- R coding example is added (sample.R) based on multiple received requests (2024-06-16)
- cMCA is from: Fujiwara and Liu, "Contrastive multiple correspondence analysis (cMCA): using contrastive learning to identify latent subgroups in political parties." PLOS ONE, vol. 18, no.7, e0287180 (20 pages), 2023. PLOS ONE, arXiv
- cMCA finds principal components along which a target categorical dataset has more variance when compared to a background categorical dataset.

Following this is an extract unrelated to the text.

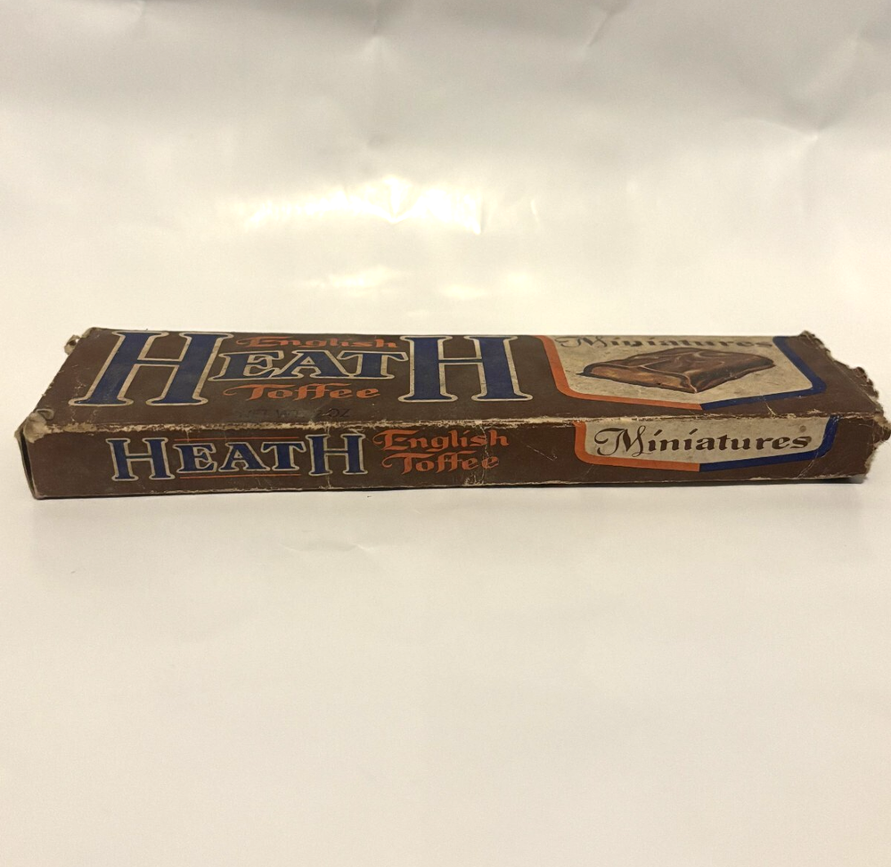 Very rare vintage 1960’s empty Heath Bar Miniatures Candy Bar Box. Item is in decent condition. One of the end flaps is torn off where it would've been opened. Colors still really pop on it. Found under a seat in an abandoned movie theatre. Won't ever come across one of these again. A true collectors item.

- This implementation also integrates automatic selection of a contrast parameter (a hyperparameter of cMCA), which is originally developed for contrastive principal component analysis (cPCA) in: Fujiwara et al., "Network Comparison with Interpretable Contrastive Network Representation Learning", Journal of Data Science, Statistics, and Visualisation, 2022. JDSSV, arXiv
- Other use cases (using machine maintenance data) can be found in: Zhan et al., "A Visual Analytics Approach for the Diagnosis of Heterogeneous and Multidimensional Machine Maintenance Data." Proc. PacificVis, 2021. IEEE Xplore
- Python3
- R users can still utilize cMCA library by using reticulate package. Examples can be found in sample.R
- Note: Tested on macOS Sonoma, Ubuntu 22.0.4 LTS, and Windows 10.
-
Install with pip3. Move to the directory of this repository. Then,
pip3 install .
-
Import installed modules from python (e.g.,
from cmca import CMCA
). See sample.py for examples. -
For detailed documentations, please see doc/index.html or directly see comments in cmca/cmca.py.
-
To use cMCA from R, you can utilize reticulate package. See sample.R
- Data type conversions are important for several case. For example:
- When identifying optional parameters of cMCA with R integer values, convert like
n_components=as.integer(2)
(otherwise, 2 is considered as an index data type) - cMCA returns outputs as numpy objects in general. So, to convert in R native objects, use
py_to_r
. Example code to convert numpy array to r matrix object can be found in sample.R (nparr_to_rmat
function).
- When identifying optional parameters of cMCA with R integer values, convert like
- sample.R covers only a part of sample.py. Other remaining examples can be implemented if requested.
- Data type conversions are important for several case. For example:
Please, cite:
- Fujiwara and Liu, "Contrastive multiple correspondence analysis (cMCA): using contrastive learning to identify latent subgroups in political parties." PLOS ONE, vol. 18, no.7, e0287180 (20 pages), 2023.